### Assignment
Nothing but the lines from the one containing "PETSARY Cat Face" through the end of the data should be retyped, exactly as they stand, and pictures should not be retyped.

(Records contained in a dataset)
=== Section Start ===

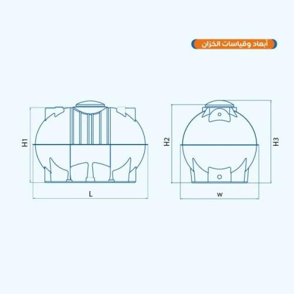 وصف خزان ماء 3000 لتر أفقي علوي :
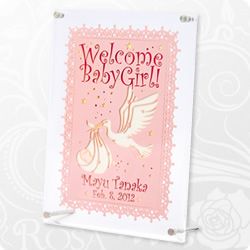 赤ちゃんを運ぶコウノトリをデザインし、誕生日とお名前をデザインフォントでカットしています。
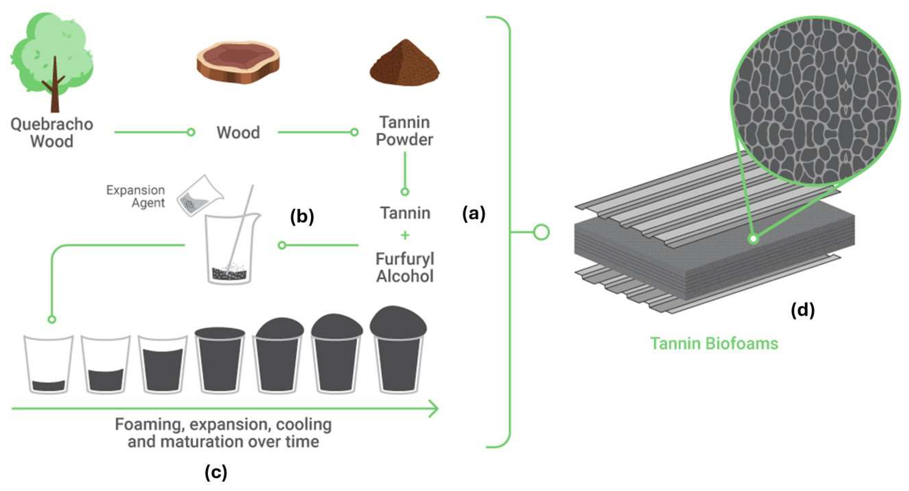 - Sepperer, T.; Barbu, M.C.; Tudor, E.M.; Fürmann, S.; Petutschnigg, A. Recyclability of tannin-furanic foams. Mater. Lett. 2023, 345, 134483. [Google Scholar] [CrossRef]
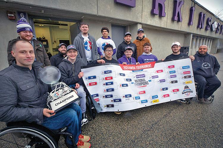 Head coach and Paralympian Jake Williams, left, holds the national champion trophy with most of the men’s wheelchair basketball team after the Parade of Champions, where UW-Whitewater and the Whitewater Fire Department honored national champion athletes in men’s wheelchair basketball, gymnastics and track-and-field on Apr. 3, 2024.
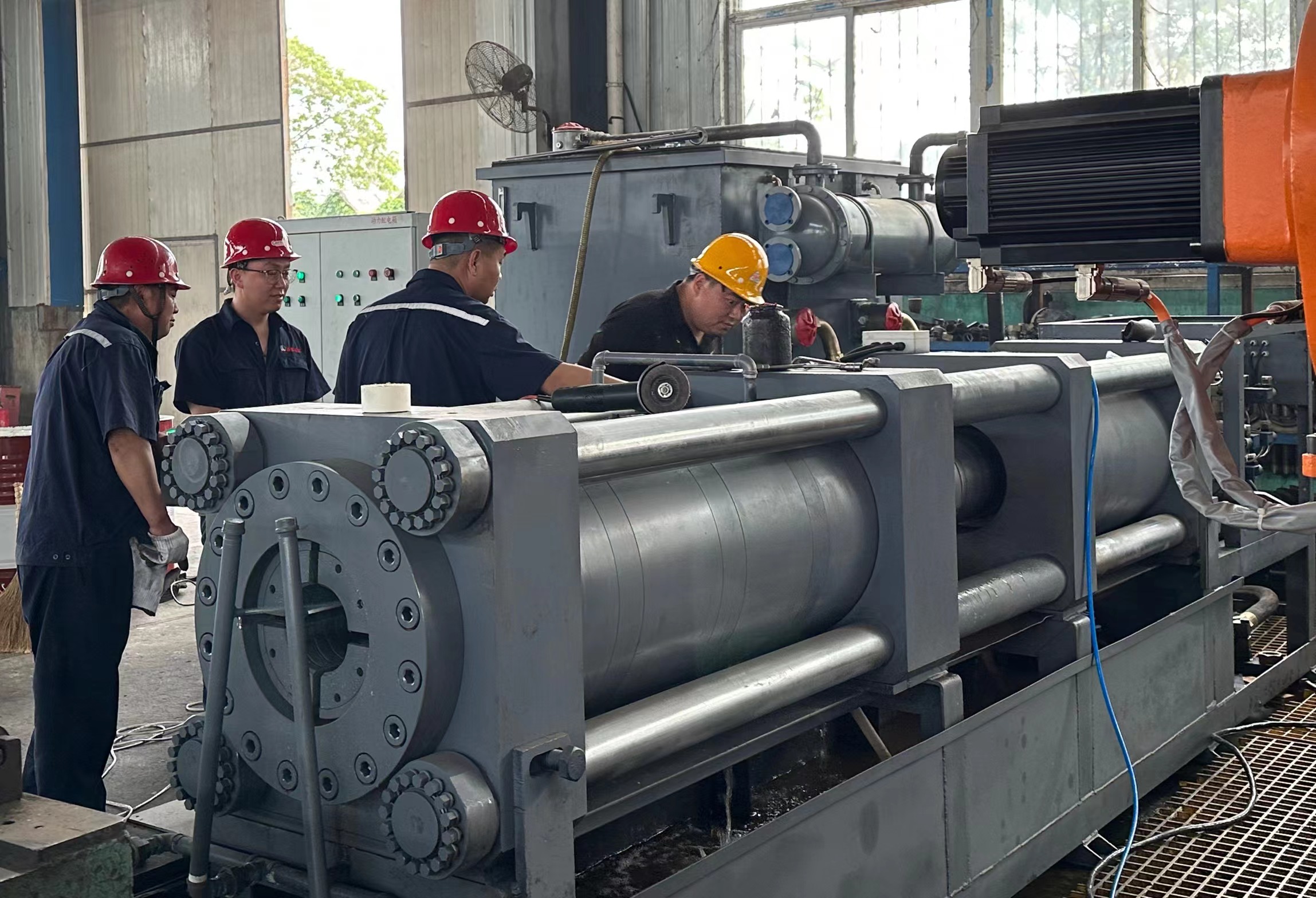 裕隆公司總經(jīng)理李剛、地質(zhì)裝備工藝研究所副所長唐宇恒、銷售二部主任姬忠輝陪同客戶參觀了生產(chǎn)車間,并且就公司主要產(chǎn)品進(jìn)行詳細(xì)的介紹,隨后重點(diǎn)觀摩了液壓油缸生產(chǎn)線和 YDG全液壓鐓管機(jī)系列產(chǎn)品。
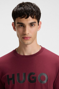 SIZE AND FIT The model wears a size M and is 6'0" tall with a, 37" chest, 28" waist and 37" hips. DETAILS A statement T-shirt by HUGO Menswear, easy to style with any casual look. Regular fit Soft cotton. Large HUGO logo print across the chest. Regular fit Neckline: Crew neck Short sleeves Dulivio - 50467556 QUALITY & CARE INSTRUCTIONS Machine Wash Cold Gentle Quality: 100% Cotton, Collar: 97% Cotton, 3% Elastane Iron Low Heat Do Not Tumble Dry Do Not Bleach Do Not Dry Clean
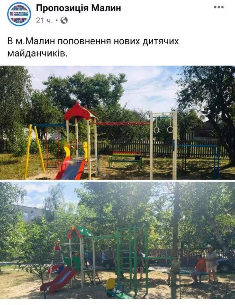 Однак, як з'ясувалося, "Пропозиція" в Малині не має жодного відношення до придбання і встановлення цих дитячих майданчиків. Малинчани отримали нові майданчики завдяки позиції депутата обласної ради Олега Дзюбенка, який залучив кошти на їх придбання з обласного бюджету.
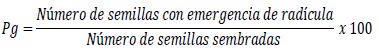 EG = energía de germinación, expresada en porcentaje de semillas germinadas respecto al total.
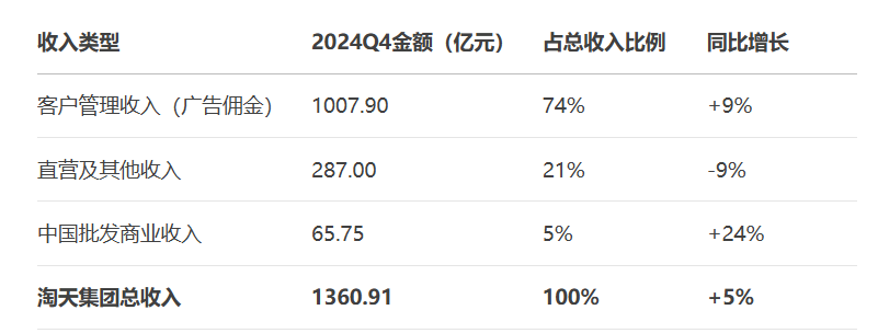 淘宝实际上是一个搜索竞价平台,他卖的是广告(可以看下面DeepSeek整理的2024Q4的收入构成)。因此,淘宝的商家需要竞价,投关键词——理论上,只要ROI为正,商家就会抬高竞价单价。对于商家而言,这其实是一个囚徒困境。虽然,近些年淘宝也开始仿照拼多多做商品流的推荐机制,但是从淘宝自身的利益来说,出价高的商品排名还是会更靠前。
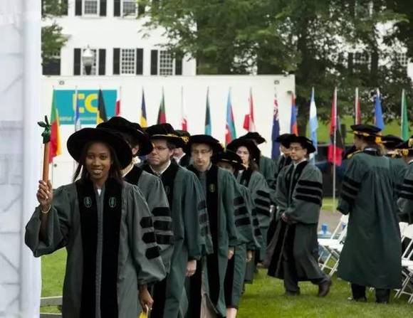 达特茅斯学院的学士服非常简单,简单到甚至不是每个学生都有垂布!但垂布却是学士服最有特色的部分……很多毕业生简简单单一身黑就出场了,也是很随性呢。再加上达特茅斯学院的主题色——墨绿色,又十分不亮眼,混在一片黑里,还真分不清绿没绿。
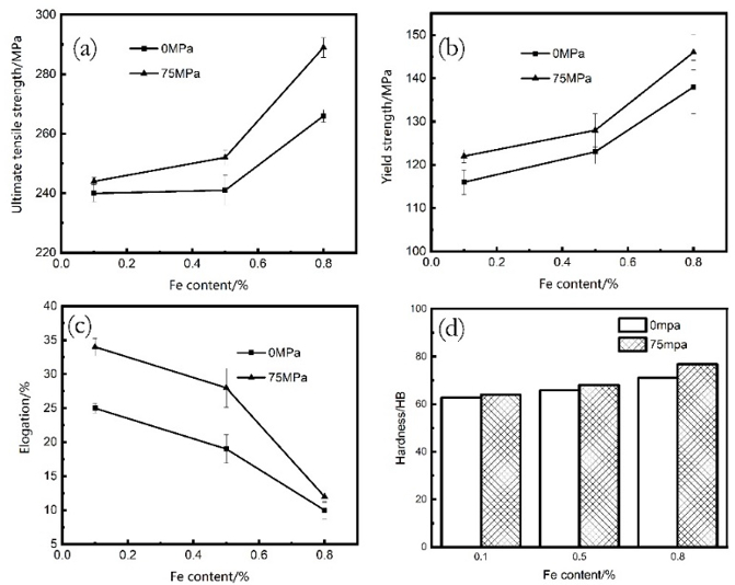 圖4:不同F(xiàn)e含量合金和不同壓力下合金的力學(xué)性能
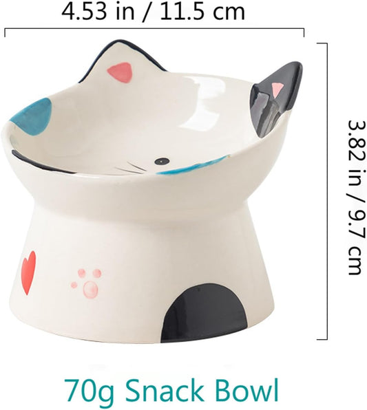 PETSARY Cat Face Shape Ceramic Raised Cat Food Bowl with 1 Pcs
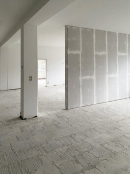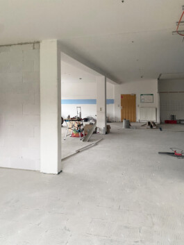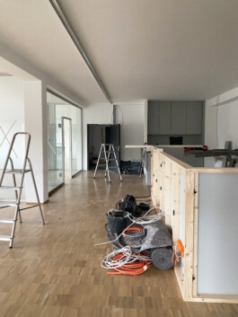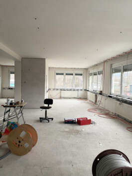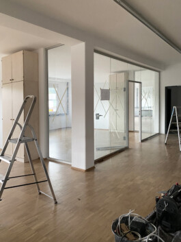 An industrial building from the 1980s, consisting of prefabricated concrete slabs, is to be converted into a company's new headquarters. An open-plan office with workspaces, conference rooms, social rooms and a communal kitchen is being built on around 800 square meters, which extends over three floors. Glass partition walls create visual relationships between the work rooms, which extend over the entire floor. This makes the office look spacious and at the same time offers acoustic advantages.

=== Section End ===

### Response for this exercise
 PETSARY Cat Face Shape Ceramic Raised Cat Food Bowl with 1 Pcs
 An industrial building from the 1980s, consisting of prefabricated concrete slabs, is to be converted into a company's new headquarters. An open-plan office with workspaces, conference rooms, social rooms and a communal kitchen is being built on around 800 square meters, which extends over three floors. Glass partition walls create visual relationships between the work rooms, which extend over the entire floor. This makes the office look spacious and at the same time offers acoustic advantages.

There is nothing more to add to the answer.